Stored items |
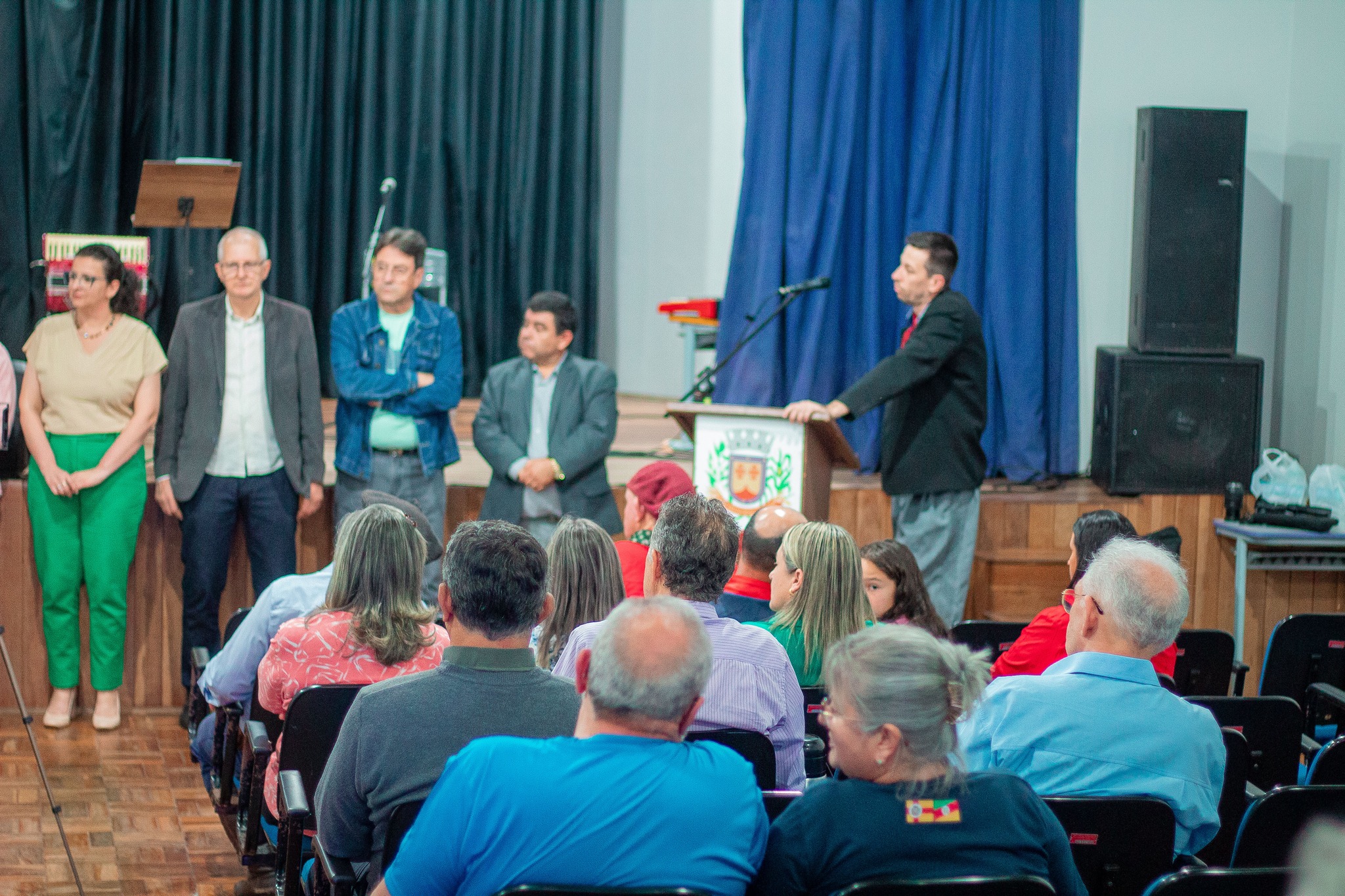 A cerimônia contou com a presença de autoridades, incluindo o Prefeito Paulinho Salbego, o Presidente da Câmara, Vereadores e Secretários Municipais, além de representantes da cultura local. O ponto alto da noite foi a celebração do Bugio, ritmo genuíno da terra.
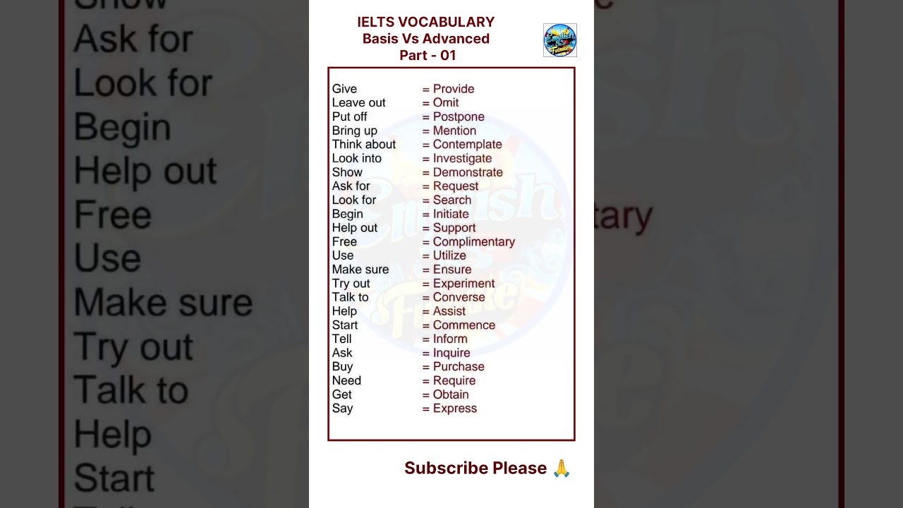 “IELTS Vocabulary” Basis Vs Advanced english Part – 01 | @Englishisfuture #shorts
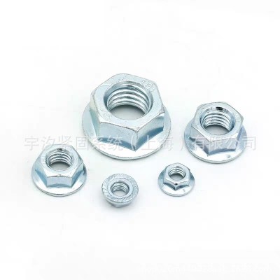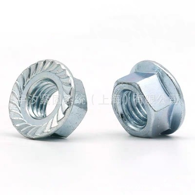 M3M4M5 DIN6923帶齒六角法蘭面螺母三價環保藍白鋅8級法蘭螺帽
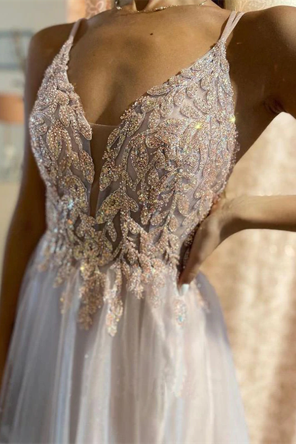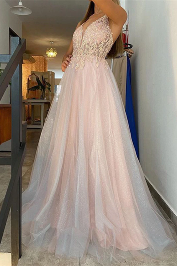Promfast Cheap A line Spaghetti Straps V neck Prom Dress Long Applique Tulle Evening Dresses PFP2202
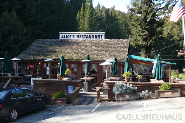 Etwa in der Mitte des Weges liegt ein Restaurant, dessen Name einige Berühmtheit erlangt hat: Alice's Restaurant. Der berühmte Name stammt aus einem Film von Sean Penn und einem Song von Arlo Guthrie mit demselben Namen. Dieses Restaurant ist ein beliebter Treffpunkt für Biker, an einem schönen und warmen Sonntag sind hier immer mehrere Duzend Harleys zu sehen. Wir haben uns hier einen Kaffee geleistet, bevor wir wieder "on the road" gingen.
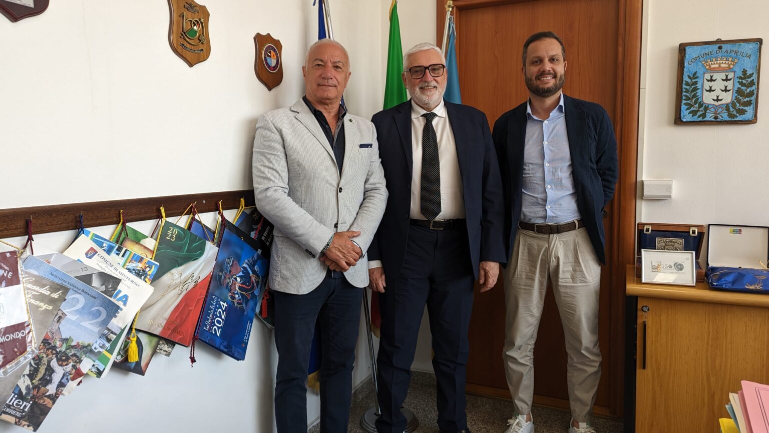 Questa mattina il sindaco di Aprilia Lanfranco Principi ha firmato le lettere d’incarico con le quali ha attribuito al consigliere Matteo Grammatico la delega allo sport e al consigliere Vincenzo La Pegna la delega alla Protezione Civile.
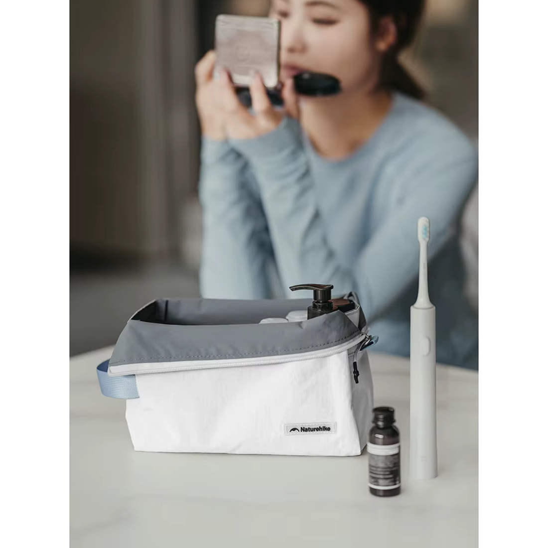 - Компактная, при этом достаточно функциональная. Вмещает флаконы, тюбики и другие предметы гигиены.

Problem statement | Reproduce exactly, with nothing added, the lines from the line with "Etwa in der" through the end of the entries above; pictures are to be left out.

Result of this task |
 Etwa in der Mitte des Weges liegt ein Restaurant, dessen Name einige Berühmtheit erlangt hat: Alice's Restaurant. Der berühmte Name stammt aus einem Film von Sean Penn und einem Song von Arlo Guthrie mit demselben Namen. Dieses Restaurant ist ein beliebter Treffpunkt für Biker, an einem schönen und warmen Sonntag sind hier immer mehrere Duzend Harleys zu sehen. Wir haben uns hier einen Kaffee geleistet, bevor wir wieder "on the road" gingen.
 Questa mattina il sindaco di Aprilia Lanfranco Principi ha firmato le lettere d’incarico con le quali ha attribuito al consigliere Matteo Grammatico la delega allo sport e al consigliere Vincenzo La Pegna la delega alla Protezione Civile.
 - Компактная, при этом достаточно функциональная. Вмещает флаконы, тюбики и другие предметы гигиены.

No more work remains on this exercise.